28 Years After Chernobyl, Birds Are Showing How to Adapt to a Nuclear Crisis
You would think that a massive nuclear accident would wreck devastation on the the wildlife surrounding the area, a devastation that could never be recovered from. But once again, we are learning that nature is far more adaptable than we could ever expect, and that a will to survive may continue to trump any disaster mankind can bring about.
The latest example of adaptability comes on the heels of the 28th anniversary of the Chernobyl nuclear disaster. On April 26, 1986, the Chernobyl nuclear power plant in the Soviet Ukraine had a reactor meltdown, becoming the most dangerous nuclear accident in history. Over 50,000 people were evacuated from the area, and months were spent trying to stop radioactive leakage and decontaminate the area. Workers died as a result of exposure, and cancer rates and other effects skyrocketed in the following decades.
People can be evacuated, of course, to try to mitigate danger, but not so much when it comes to wildlife. Now scientists are seeing the evacuation area as an excellent chance to see what sort of effects radiation has on nature uncontrolled. “[B]ecause the area remains heavily contaminated by radiation and is closed to the public, the region represents an accidental ecological experiment to study the effects of radiation on wild animals,” explains Lydia Smith at IBT Times.
What scientists are finding is shocking. For some animals, rather than being adversely affected by the radiation in the environment, they are adapting and thriving. A recent study into how local birds are processing the radiation shows that they have managed to modify their oxidation patterns, and are now having less oxidative damage. Their ability to process the radiation appears to be based on the pigment of their feathers, with darker birds faring better than their lighter counterparts.

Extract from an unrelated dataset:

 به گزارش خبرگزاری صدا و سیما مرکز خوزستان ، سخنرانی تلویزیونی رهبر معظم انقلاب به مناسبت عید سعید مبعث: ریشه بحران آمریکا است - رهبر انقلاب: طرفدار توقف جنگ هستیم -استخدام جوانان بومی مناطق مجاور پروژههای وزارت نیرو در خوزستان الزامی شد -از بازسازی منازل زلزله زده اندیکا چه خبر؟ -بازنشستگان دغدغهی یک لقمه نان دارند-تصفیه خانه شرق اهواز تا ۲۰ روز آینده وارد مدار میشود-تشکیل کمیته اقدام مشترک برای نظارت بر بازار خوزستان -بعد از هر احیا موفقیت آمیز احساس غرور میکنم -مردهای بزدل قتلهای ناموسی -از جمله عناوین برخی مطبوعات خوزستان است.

According to a release from the British Ecological Society:
The results revealed that with increasing background radiation, the birds’ body condition and glutathione levels increased and oxidative stress and DNA damage decreased. They also showed that birds which produce larger amounts of pheomelanin and lower amounts of eumelanin pay a cost in terms of poorer body condition, decreased glutathione and increased oxidative stress and DNA damage.
“The findings are important because they tell us more about the different species’ ability to adapt to environmental challenges such as Chernobyl and Fukushima,” said Dr. Ismael Galván of the Spanish National Research Council (CSIC), the lead author of the study.

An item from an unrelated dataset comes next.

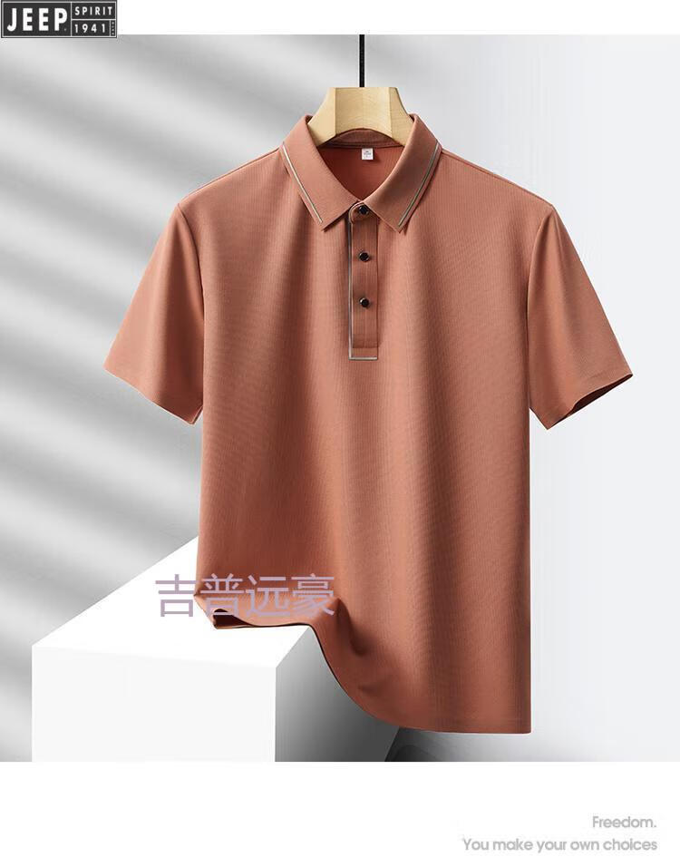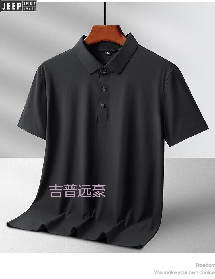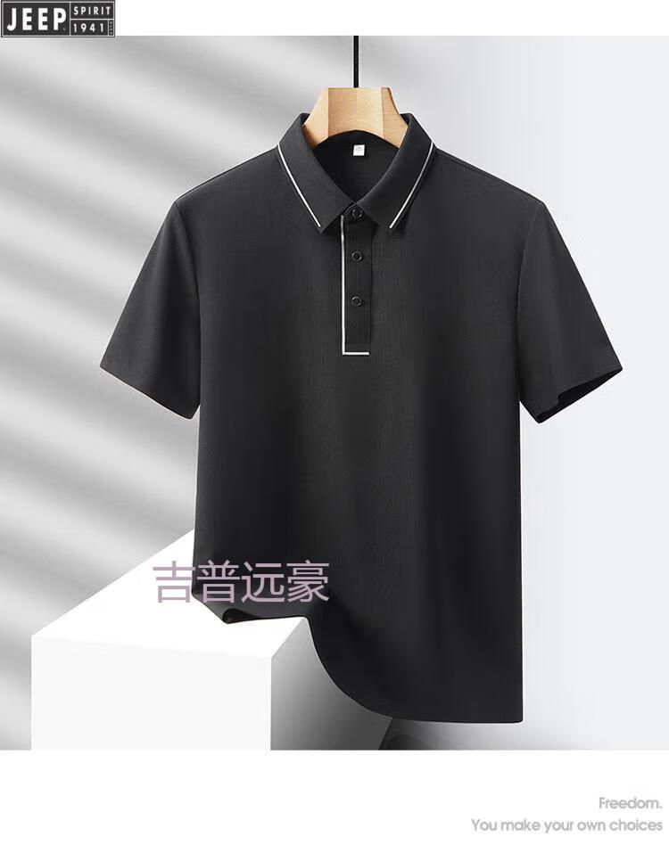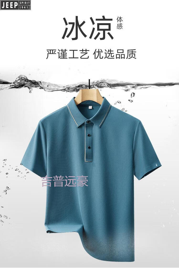 JEEP SPIRIT Sommer-Sportanzug für Herren aus Eisseide, neues Revers-T-Shirt, Poloshirt, lässig, kurzärmelig, Sommerkleidung für Väter mittleren und älteren Alters, 6630-08 Ulan + schwarze Shorts (zweiteiliges Set) 4XL

Although the study looked at birds, the implications for other wildlife, and even humans, couldn’t be clearer. The results show that long term exposure to low levels of radiation might actually make it more likely for animals of all stripes to survive massive, high level radiation exposure, too.

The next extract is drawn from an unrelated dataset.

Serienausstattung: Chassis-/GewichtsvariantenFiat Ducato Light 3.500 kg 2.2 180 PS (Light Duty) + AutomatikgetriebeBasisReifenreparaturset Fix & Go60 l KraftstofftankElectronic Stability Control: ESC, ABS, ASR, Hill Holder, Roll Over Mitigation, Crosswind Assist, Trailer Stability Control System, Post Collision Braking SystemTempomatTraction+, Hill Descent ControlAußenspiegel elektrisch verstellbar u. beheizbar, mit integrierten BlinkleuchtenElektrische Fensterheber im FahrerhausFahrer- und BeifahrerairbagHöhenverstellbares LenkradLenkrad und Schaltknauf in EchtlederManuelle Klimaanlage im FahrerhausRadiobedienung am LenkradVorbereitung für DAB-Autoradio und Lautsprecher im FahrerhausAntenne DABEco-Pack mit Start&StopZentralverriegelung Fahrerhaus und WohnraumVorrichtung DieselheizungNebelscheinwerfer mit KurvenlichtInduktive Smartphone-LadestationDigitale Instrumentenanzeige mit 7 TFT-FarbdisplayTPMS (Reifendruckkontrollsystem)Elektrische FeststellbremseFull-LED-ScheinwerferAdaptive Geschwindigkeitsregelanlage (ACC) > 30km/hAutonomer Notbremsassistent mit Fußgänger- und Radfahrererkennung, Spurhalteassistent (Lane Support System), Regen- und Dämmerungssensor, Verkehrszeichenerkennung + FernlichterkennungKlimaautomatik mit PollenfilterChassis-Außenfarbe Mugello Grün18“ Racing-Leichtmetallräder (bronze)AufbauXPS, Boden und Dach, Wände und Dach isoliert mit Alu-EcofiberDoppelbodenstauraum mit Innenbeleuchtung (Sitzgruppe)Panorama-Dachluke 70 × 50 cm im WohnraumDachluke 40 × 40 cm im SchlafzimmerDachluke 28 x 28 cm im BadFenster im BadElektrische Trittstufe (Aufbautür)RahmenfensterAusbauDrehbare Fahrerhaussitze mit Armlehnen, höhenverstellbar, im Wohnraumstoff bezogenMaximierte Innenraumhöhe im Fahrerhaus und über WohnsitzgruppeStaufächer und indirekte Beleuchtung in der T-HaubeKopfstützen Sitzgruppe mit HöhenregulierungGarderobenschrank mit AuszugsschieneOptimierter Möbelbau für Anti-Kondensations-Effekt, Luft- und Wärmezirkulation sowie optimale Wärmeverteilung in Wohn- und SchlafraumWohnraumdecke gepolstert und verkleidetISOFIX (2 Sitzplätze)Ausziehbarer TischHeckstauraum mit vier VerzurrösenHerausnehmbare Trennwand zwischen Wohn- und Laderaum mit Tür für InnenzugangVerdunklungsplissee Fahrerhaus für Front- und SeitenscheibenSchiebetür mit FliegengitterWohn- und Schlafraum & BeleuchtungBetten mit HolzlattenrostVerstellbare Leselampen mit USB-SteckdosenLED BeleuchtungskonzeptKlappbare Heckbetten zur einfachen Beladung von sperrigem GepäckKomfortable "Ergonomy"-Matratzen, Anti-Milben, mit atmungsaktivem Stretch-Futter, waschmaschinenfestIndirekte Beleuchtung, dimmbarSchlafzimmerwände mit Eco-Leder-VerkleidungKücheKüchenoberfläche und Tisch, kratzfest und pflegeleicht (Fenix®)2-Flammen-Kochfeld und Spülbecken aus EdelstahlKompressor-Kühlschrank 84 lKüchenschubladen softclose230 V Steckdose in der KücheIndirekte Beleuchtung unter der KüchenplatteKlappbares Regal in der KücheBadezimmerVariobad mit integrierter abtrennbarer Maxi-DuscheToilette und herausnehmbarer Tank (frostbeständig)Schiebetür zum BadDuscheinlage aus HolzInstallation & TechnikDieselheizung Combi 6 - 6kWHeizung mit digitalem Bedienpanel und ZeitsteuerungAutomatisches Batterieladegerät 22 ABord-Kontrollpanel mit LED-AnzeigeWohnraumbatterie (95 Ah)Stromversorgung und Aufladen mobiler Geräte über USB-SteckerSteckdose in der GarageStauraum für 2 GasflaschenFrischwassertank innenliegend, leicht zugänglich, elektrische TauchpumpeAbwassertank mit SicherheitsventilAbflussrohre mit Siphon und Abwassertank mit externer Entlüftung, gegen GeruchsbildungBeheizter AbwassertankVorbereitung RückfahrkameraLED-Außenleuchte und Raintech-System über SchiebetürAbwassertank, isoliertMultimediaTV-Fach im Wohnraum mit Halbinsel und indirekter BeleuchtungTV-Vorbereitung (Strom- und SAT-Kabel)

Of course, the last thing we want to do is begin exposing ourselves to low level radiation just to prep for the day we may have another massive nuclear event. On the bright side, however, this does give some hope that if at some point we do manage to do something so cataclysmic that we wipe out our own species, there’s a pretty strong possibility we won’t take the rest of the living species on the planet out with us.
Nature, after all, seems determined to show exactly how resiliant it is, regardless of what we throw at it.